I’m not sure how much Yukimura can bring. He either has the Hideyoshi thing going for him to the point that boys in his class avoid him in the changing room or maybe he is indeed a girl who thinks she is a boy, which is more twisted because in that case something’s actually WRONG with him. But what else can he contribute except for this gag? Yozora is working on it already. Already she’s got him wearing a maid costume. We move on to #3:

Rika has potential. Unlike the others, she is outgoing (Yozora wonders why she needs to join a friendship club) and can drive some of the scenes herself, unlike the other newbies who, to a greater extent, need help from others. First thing she does is cause a small explosion in the lab–good start. While thanking Kodaka later for “rescuing” her she goes off on a dirty tangent. Then there’s that hair scene (with two lol moments in it, at least for me), and of course the dirty book business which was great until they pushed it too far. You never really know how Rika’s going to respond to anything.

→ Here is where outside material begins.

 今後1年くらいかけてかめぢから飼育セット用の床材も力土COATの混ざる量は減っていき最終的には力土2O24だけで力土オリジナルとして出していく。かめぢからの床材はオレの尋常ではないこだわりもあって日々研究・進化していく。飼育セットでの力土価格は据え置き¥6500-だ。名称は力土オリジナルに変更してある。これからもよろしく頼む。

So that’s five weird characters in this show who are fun to watch, sorry, six. I forgot about Kobato. Judging from the previews I think we’ll see a lot of her next week.

With one thing after another going on around here I have decided I need to simplify my entire watching and viewing practice. I will watch fewer shows an write on even fewer than that. So after watching episode 4 I have decided to drop Mirai Nikki. It’s not that I dislike it. This show is a lot better than most of the things running now. It’s partly because suspense and horror are not my favorite genres, so a show has to have something beyond that to keep me watching shows like that. Also, though this was another good episode, some flaws are beginning to show. Too many diary holders are showing up now, each with their own agenda, and it gets wearing. When that guy who captured the ninth does his silly act near the end I could not believe this was the same formidable person we met last week. Yuno’s crazy act is getting a little stale, even if she’s some kind of inspired-crazy as ninth insists. Show is becoming routine. If you ask me why I’m dropping this while still watching iDOLM@STER, well, maybe I’m crazier than Yuno. So good luck, Yuukii! Don’t turn your back on the crazy chick! Er, any of them!

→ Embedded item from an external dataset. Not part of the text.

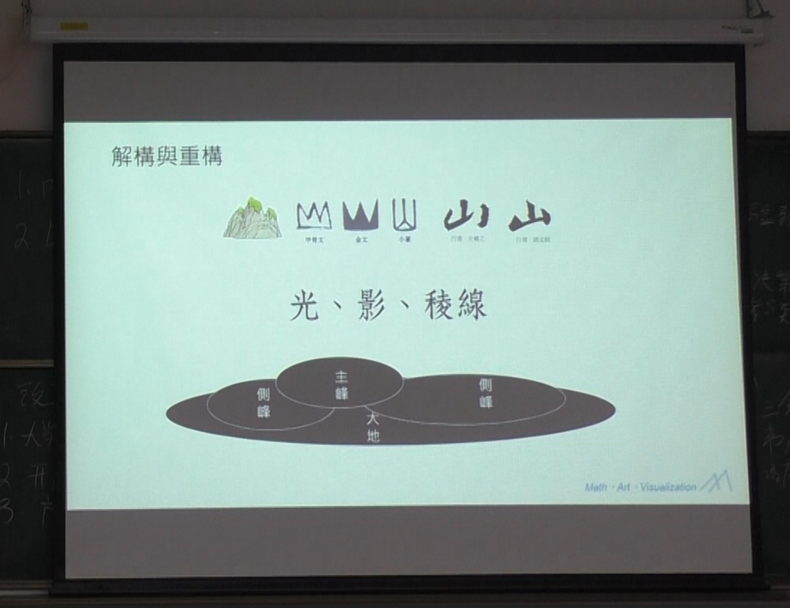 “中國文字不僅是表意符號,更蘊含著幾何與結構的數學密碼。”陳明璋教授開宗明義,指出漢字中的“生成子”(Generative Elements)是連接數學與藝術的樞紐。他以篆書中的“山”“水”二字為例,通過AMA平臺進行解構:文字的筆畫被分解為點、線、面的基礎元素,再經由算法重組,生成具有分形特征的幾何圖案。這一過程揭示了古典藝術中“師法自然”的本質——自然界的山川河流,本就遵循數學的分形與遞歸規律。

As for iDOLM@STER, episode 17 is a disappointment considering it features Makoto. We get the whole “I want to be a princess, that’s why I became an idol” thing, and the producer, after some harrowing amusement park rides and a run-in with some thugs, tells her she’s doing what an idol does by letting the girl fans be treated as princesses. Just as expected, but nothing more. First, I wanted to see her rough up those thugs, because we know she could. Roughing up Jupiter or their boss would have been nice, too. We’re still waiting for Jupiter to make their face turn, but I guess it’s too soon to expect that. Nah, we don’t really get much of what makes Makoto one of the best characters in the show: she CAN act like a man. More than the producer, but that’s not saying much.

Penguindrum 15, UN-GO 2, Working’!! 3

Mawaru Penguindrum 15 explains something we’ve all been wondering in the context of Yuri’s sad life and current passions.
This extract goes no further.